1.
Он позвонил, когда я остужал суп с куриными почками. За окном мела та особая пурга, которая бывает только 1 января — предвестник сложного, тяжелого года. Метель выморозила начисто все улицы, облизала тротуары, крыши и фасады, забила мелким колючим снегом стекла осиротевших во дворе машин. Город был пуст, дик и темен, люди стали чужие ему; а я разогрел суп, и глядя на золотистые бляшки жира в треснувшей старой тарелке, ждал, пока смогу проглотить ложку и не обжечься.
- Угадай, где я, - сказал весело твердый и звонкий голос.
- Не собираюсь, - ответил я, но ему был безразличен мой хмурый тон — как и наша пурга, как и наши пустые пространства окраин большого зимнего города.
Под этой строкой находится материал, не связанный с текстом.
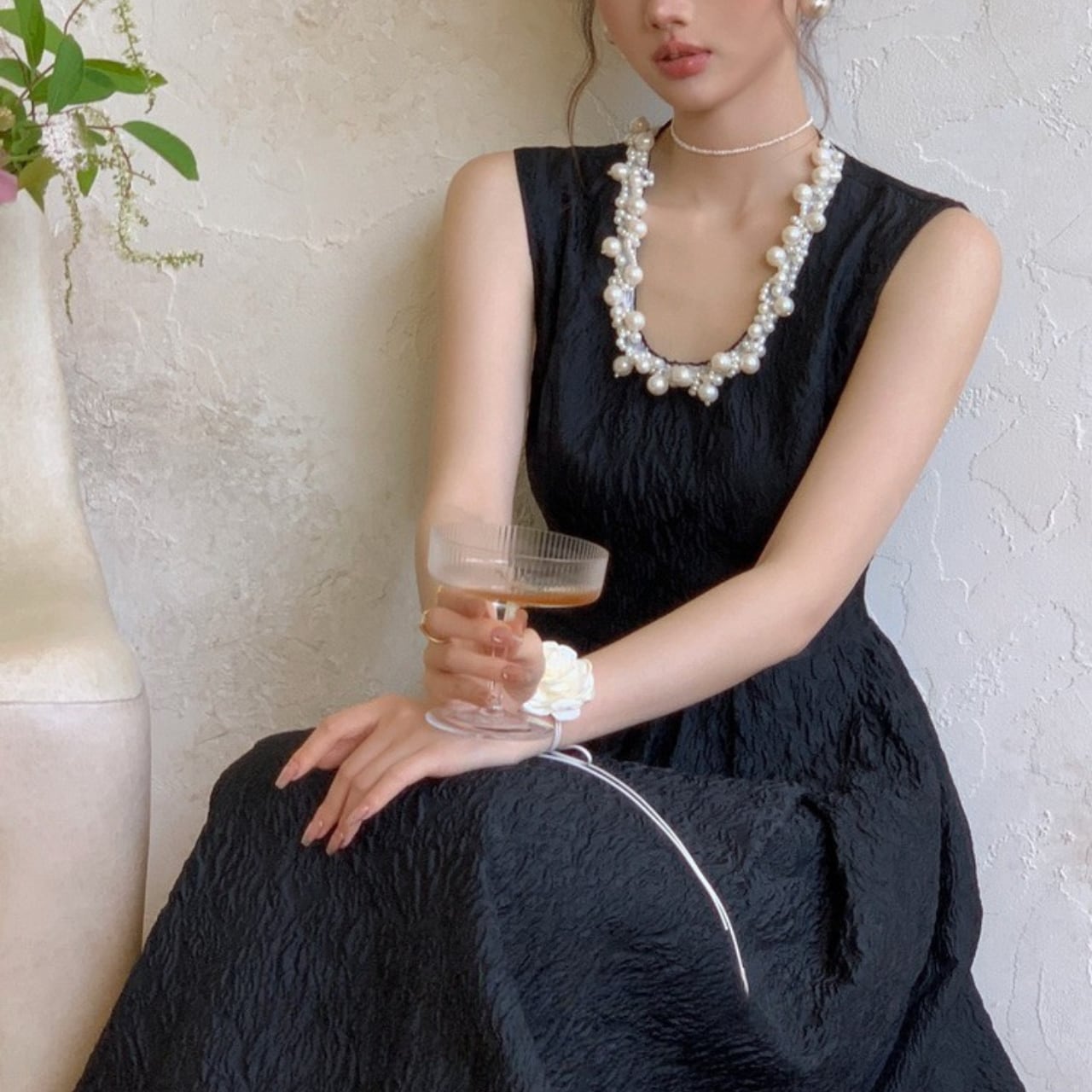 ネックラインにパールをあしらった、上品で華やかなワンピース。

- Я в Вальпараисо, - объявил он. - Сижу на склоне холма Консепсьон и смотрю на Тихий океан. Ты знаешь, он здесь удивительно синий, почти фиолетовый. Вчера я приехал сюда из Ла Серены, там меня возили в Пунта де Чорос, и я наблюдал пингвинов Гумбольта, тюленей и морских львов. По склонам здесь теснятся пестрые дома, их обнимают мощеные узкие улочки, по которым бегают троллейбусы — между прочим, самые старые в мире! А над бухтой громоздятся кучевые облака — они, знаешь, как отражение гор, но горы круче, выше, хотя до них рукой подать, а к холмам можно подняться на фуникулерах — их здесь шестнадцать штук, выбирай любой!
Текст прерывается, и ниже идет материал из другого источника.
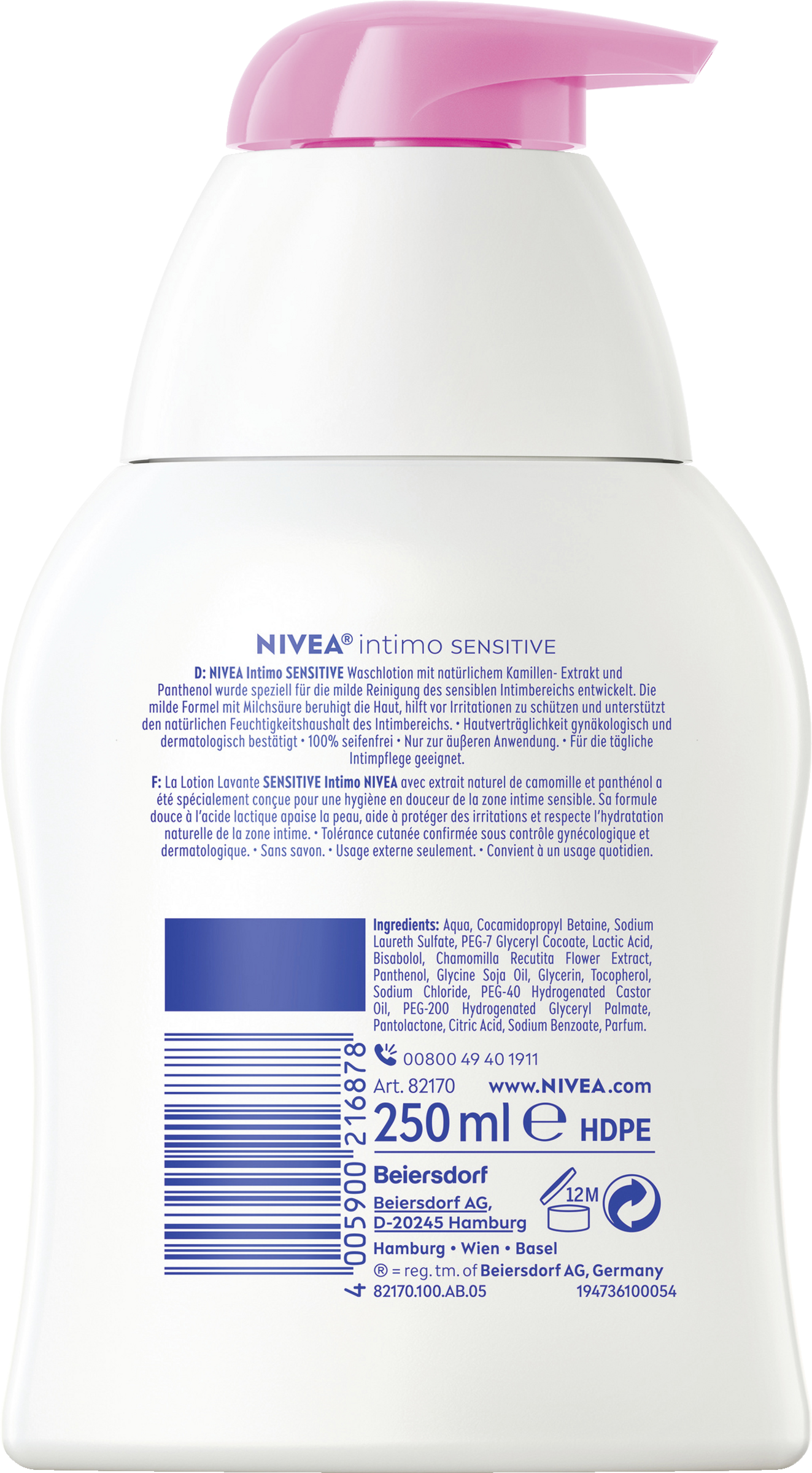 Die NIVEA Intimo Waschlotion Sensitive mit natürlichem Kamillenextrakt und Panthenol wurde speziell für die milde Reinigung des sensiblen Intimbereichs entwickelt, die für die tägliche Intimpflege geeignet ist. Die milde Formel, angereichert mit Milchsäure, verleiht der Waschlotion beruhigende Eigenschaften, die die Haut pflegen, Irritationen vorbeugen und zugleich den natürlichen Feuchtigkeitshaushalt des Intimbereichs unterstützen.

- Послушай, у меня стынет суп, - сказал я с досадой. - Я только что пришел с дежурства и даже Новый год еще не праздновал. У меня сейчас остынет суп с почками, а я голодный.
- А ветер, если бы ты знал, какие запахи несет этот ветер! Запах морской соли и машинного масла из порта, свежей рыбы с Калета-эль-Мембрильо, пряностей с рынка, зеленой травы парков Винья-дель-Мар... Ругань иностранных моряков, заносчивость чилийских солдат и зазывные крики торговцев, сладкая упругая кожа местных девушек - вот что заключено в этом ветре, старина.
- Мой суп...
- А музыка, какая здесь чудесная музыка! Прямо на улицах, в ресторанах, барах — старинная, дивная музыка, да, и танго, старина, танго — все, кроме «Adios, muchachos», этого тебе здесь не сыграют, музыканты не любят этой песни, они считают ее плохой приметой.
- Почему? - сдался я.
- Потому что это песня про то, как герой теряет молодость и больше не хочет развлекаться — это песня не для Вальпараисо, не для этого города, дружок!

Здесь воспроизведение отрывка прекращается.